Data can be trained by utilizing a train function during training, and the save function is called to store the model to a fixed position after the model is trained. Training the segmented training data according to the part of speech of the word to obtain a CRF part of speech model; the parts of speech are in the format of (word, part of speech), wherein the parts of speech are adjectives (adj), nouns (n), verbs (v), etc., as follows:

word	Part of speech of the word
		Advancing direction	v
Is filled with	v
		Hope for	n
Is/are as follows	u
		New	a
Century	n

Performing word segmentation on all the training data, calculating a d-dimensional vector for each word by the training data subjected to word segmentation through an unsupervised method to obtain a word vector, and further generating a word vector model; building a bidirectional LSTM coding and decoding model of a spark-based LSTM neural network, inputting the word vector into the bidirectional coding and decoding model to train and learn to obtain the intention of an input sentence, simultaneously segmenting all the training data, converting the user data after the segmentation processing into an elastic distributed data set, for example, converting a textFile function into RDD data, packaging the RDD data in a DataSet form to construct a final training data form RDD < DataSet >, inputting the bidirectional coding and decoding model, and training by using a train function to check whether the intention is accurate so as to train an intention extraction model.

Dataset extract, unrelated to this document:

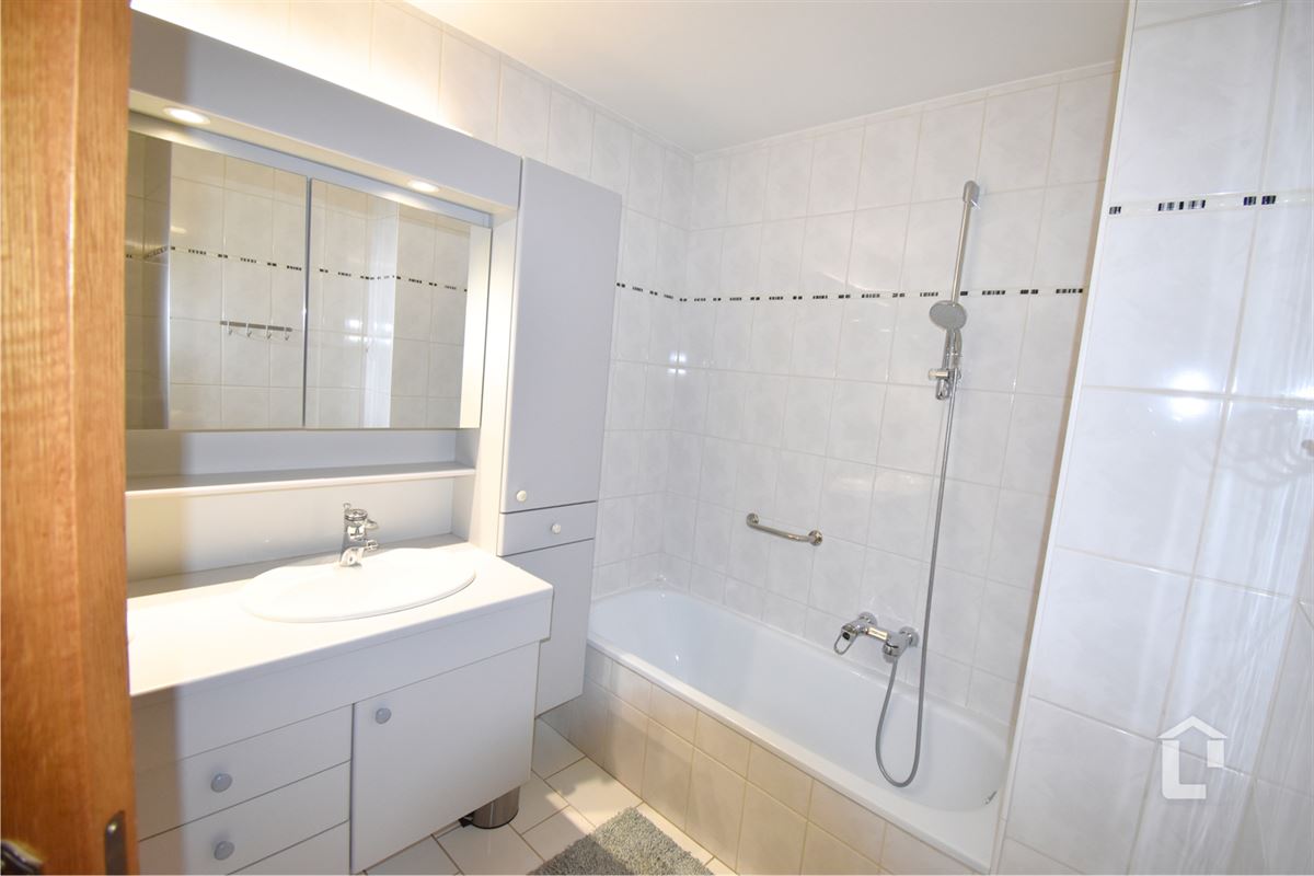 Via de inkomhal heeft u toegang tot het apart toilet. De woonkamer is ruim en lichtrijk, met open keuken die volledig is geïnstalleerd. Aansluitend aan de keuken bevindt zich een praktische berging met aansluiting voor wasmachine en droogkast. Verder biedt de woonkamer toegang tot het zuid-gerichte terras met zicht op de groene tuin. Verder zijn er 3 praktische slaapkamers, waarvan 1 met ingebouwde kast en aparte lavabo voorzien is. De badkamer heeft een ligbad met douche-mogelijkheid en dubbele lavabo in kast. De badkamer heeft eveneens het 2de toilet.

And providing the word vector with a near-sense word and/or a label for each word by a method of querying a standard dictionary to generate a labeled near-sense word-word network, for example, as follows:

vocabulary and phrases	Label (R)	Word with similar meaning
			Play back	intent：play	Play back
Watch with	intent：play	Play back
			Check the	intent：search	Searching
Searching	intent：search	Searching
			To come	intent：recommend	Recommending
Recommending	intent：recommend	Recommending
			Downloading	intent：download	Downloading

Analyzing the user statement data in real time:

for example, the user statement from the terminal post, such as "how much the weather is today".

And analyzing the user statement based on the service of the springBoot framework.

Calling a CRF word segmentation model which is trained in advance, and segmenting the user sentence data to be decomposed into a plurality of words, such as:

"how much the weather is today".

Then calling a pre-trained part-of-speech model of CRF, and labeling part-of-speech for each vocabulary obtained by decomposition, such as:

"today: t (time word), weather: n (noun), how: ry (interrogatories) ".

Searching all the vocabularies marked with the parts of speech in a labeled near-sense word network obtained by pre-training, wherein each vocabulary finds all the labels relative to the vocabulary by combining the corresponding part of speech marked with the vocabulary, such as:

"today: day-0, weather: weather ".

Meanwhile, calling an intention extraction model which is trained in advance, and analyzing all vocabularies marked with parts of speech to obtain possible intention information of the current user sentence, such as:

"intention: query, field: weather ".

And finally, analyzing and obtaining a final semantic result by combining the intention information and the label word information, such as:

text how much the weather is today

Preferably, the offline training system is configured to:

The detailed working example process has already been elaborated in detail in the corresponding method, and is not described again.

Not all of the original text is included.